I don't know what the difference is between this loss and the losses I experienced 20+ years ago. I am so sad that he's gone. I recognize that I am in a different place emotionally than I was back then. I understood that death happened, I was both sad and angry over the first two - so much so, that even now I feel reverberations of that anger. But I didn't feel the impact of loss, just the shock that they were gone. Grandpa O was finally out of pain. Grandma O had tried to pass in her sleep, but they brought her back and put her on life support until the family pulled the plug. So her death felt right and timely. Not painless, don't get me wrong, but it was still more peaceful than it could have been.
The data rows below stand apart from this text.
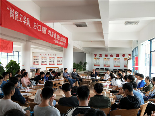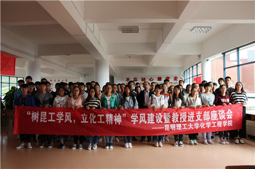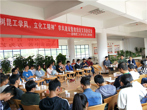 在化工楼三楼平台召开“树昆工学风,立化工精神”学风建设暨教授进支部座谈会。本次座谈会由学工办主任袁敬老师主持,出席本次座谈会的有院党委齐毅书记,教授代表夏举佩老师、彭林才老师、孙彦琳老师、赵文波老师,2017级班主任代表杨劲老师,以及学工办全体辅导员;同时,参加本次座谈会的还有2014级优秀学生代表,装控专业学生党支部党员,2016级、2017级学生代表,以及团委、学生会学生干部。
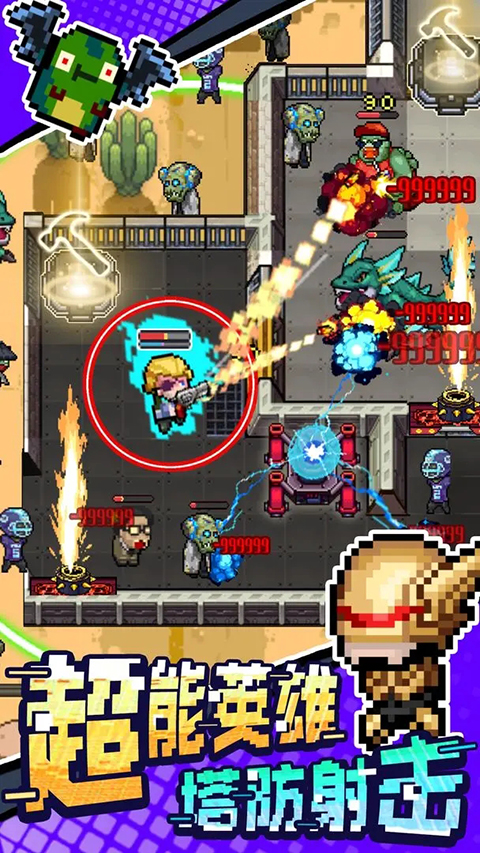 超能防御是一款像素塔防类割草射击手游。玩家进入游戏后将扮演一名幸存者,在废土世界进行不断的探索和战斗,帮助一个一个避难所建设抵挡怪物的防线,消灭入侵的魔物,收集物资,提升自己的战力,保护好能源水晶的安全,成为废土之地的救世主,最终建设一个美好的家园。
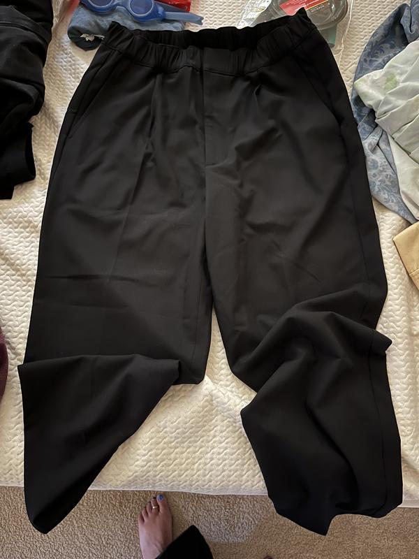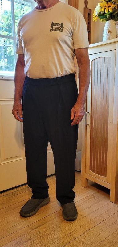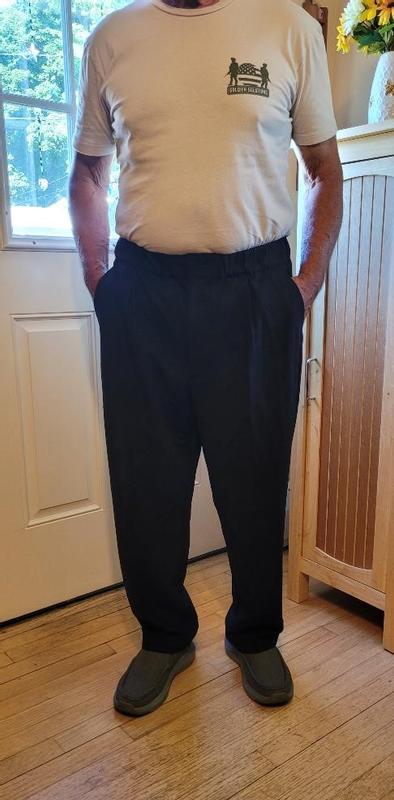Awesome elastic waist dress pants, size M32 waist. Fits perfectly with peg legs, perfect length 27” inseam falls perfectly on my Chelsa Boots ! Very comfortable dress pants w deep pockets ! Purchased both the black and the blue, perfect for Spring with a handsome dress shirt ! Great buy @ this price point, I would wear in Manhattan or my summer place in Springfield, Missouri !
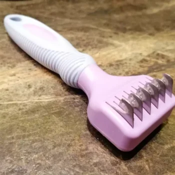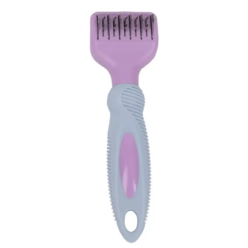 Made from high-quality stainless steel, the comb features precision-cut blades that gently work through mats and tangles without pulling or hurting your pet. The ergonomic handle gives you full control, allowing for safe, effective grooming that keeps your pet’s coat healthy and shiny. Available in three stylish colors — purple, pink, and gray — this tool is as charming as it is functional.

Rita's death was much more of a shocker. She'd just graduated with her bachelors in Culinary Arts, had a job as a chef, and then bam, gone. The worst part of that whole thing was the awful awful way the things she left behind were handled by -- well, I probably shouldn't name names here. But it was so bad I was embarrassed to be there, having to help with what felt like a smash-and-grab. I think Rita would have been absolutely pissed at how things were handled. I will say this, though. My uncle Rudy was so sad, so filled with grief, and yet so solid at that time.
So here I sit, contemplating the grief and sadness I'm feeling at the news of my uncle's passing. I don't feel like there's a hole in my heart. I feel regret that I didn't make it up to visit him, to introduce him to my children. To give him a hug. I think he needed lots and lots of hugs and I regret not being able to visit him and share hugs with him.
Part of me is jealous, I will admit that. Why did it get to be his time and not mine? Why didn't he come and get me and take me with him?
Part of me simply misses him. I miss knowing that he's there, reading my goofy meaningless FB posts and sometimes commenting. I miss the idea that I can go visit him the next time I drive up to Idaho. Instead, the next time I drive up it will be for his funeral and that sucks.
Death sucks. It just does. I know it happens to everyone. Every single one of us will die at some point. And I believe in a life after death, I believe we'll see each other again. That doesn't make death any freaking easier to take.
This time there's anger as well. I'm angry that it happened so soon after we'd reconnected. I'm angry that due to his family circumstances he didn't have any next of kin on file. No next of kin on file. NONE. That is horrifically sad, because he felt neither of his brothers would care if he lived or died. Well **I** care, dammit.
There's been a clumsy mess of finding relatives to take care of the funeral and all the other fun arrangements. Again, yay for facebook and yay for my sister who pays attention to his page. I'm angry at the falling out of dad and his brothers, because now there are only the two brothers left and neither knows how to contact the other. I'm angry that my dad's side of family - including me - doesn't stay in touch with anyone.
On Thursday I told a gal from work that I would pick up her shift tomorrow because she's attending a funeral. How ironic. I don't have a clue how to stand there tomorrow morning and smile at people. How to help them with feedback on clothes, where to find things in the store, and just generally be cheerful. How does one fake it that much? I hurt. My heart hurts. So much sadness, so much wrongness.
I grieve.
In fact, here, give a listen to Peter Gabriel's "I Grieve" because it's appropriate.
There aren't really any right words to say. I know, because I've looked for them when trying to comfort others who have experienced loss. It's okay to just say anything.
Well, except to ask me if I'm ok. Don't do that. My husband keeps asking me that, and that is probably the dumbest question on the planet. Because NO. No, I am not okay. My uncle just died and I hurt inside. I am going to cry and be sad, because it hurts.
I may be on drugs because I'm depressed and bi-polar, but I am still allowed to be sad. So don't freaking ask me if I'm ok. The answer is no. I'm sure I will be eventually, but not today. Or tomorrow.